Keep in mind that success doesn’t necessarily mean taking home the championship trophy. Getting a team of big personalities to gel or watching a play get executed perfectly after many practices are often all the success a coach needs. 

They have a mentor.

Multiple studies showed that mentoring can be key for coach development. Coaches tend to stay when they are given support for dealing with stressful situations. Spread out your league’s wealth of knowledge by pairing veteran coaches with newcomers. 

The leadership is strong.

Another Australian study showed just how important the league administration is in retaining coaches. In fact, poor administration made the top of the list for reasons why people stopped coaching. Administrations that were democratic and fair and gave their coaches support and recognition found themselves in a good spot at the beginning of each season. 

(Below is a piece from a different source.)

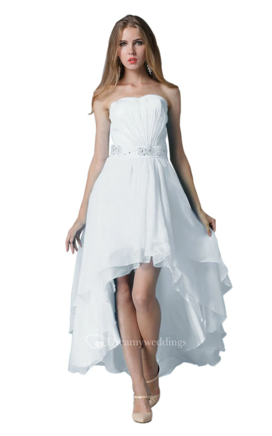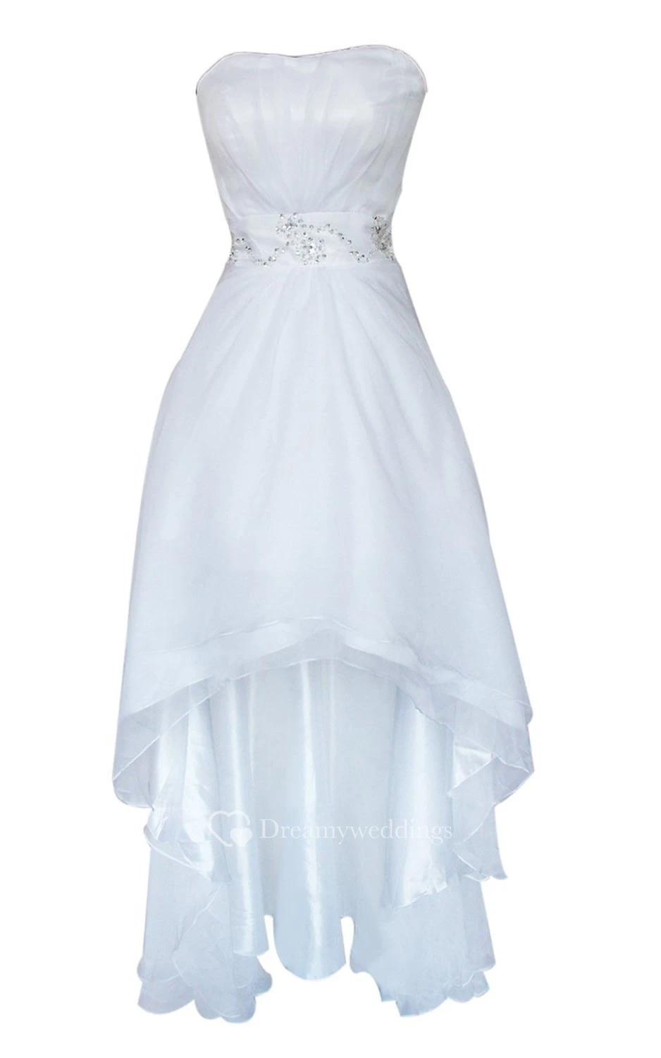 Strapless Ruched Beaded High-low Layered Chiffon Dress

And no surprise here, good communication was at the top of the list for administrations that had success in retaining coaches. Researchers stressed that “communication is at the heart of a successful coaching community.” Frequent, clear communication and a channel that’s open both ways makes for a healthy league. 

There’s help.

Studies also highlight the value of a team parent. Coaches liked the buffer this volunteer role can provide between the parents and the coach. Team parents can help disseminate information and answer logistical questions while coaches can focus on running fun practices. In general, support from parents added to the satisfaction level of coaches.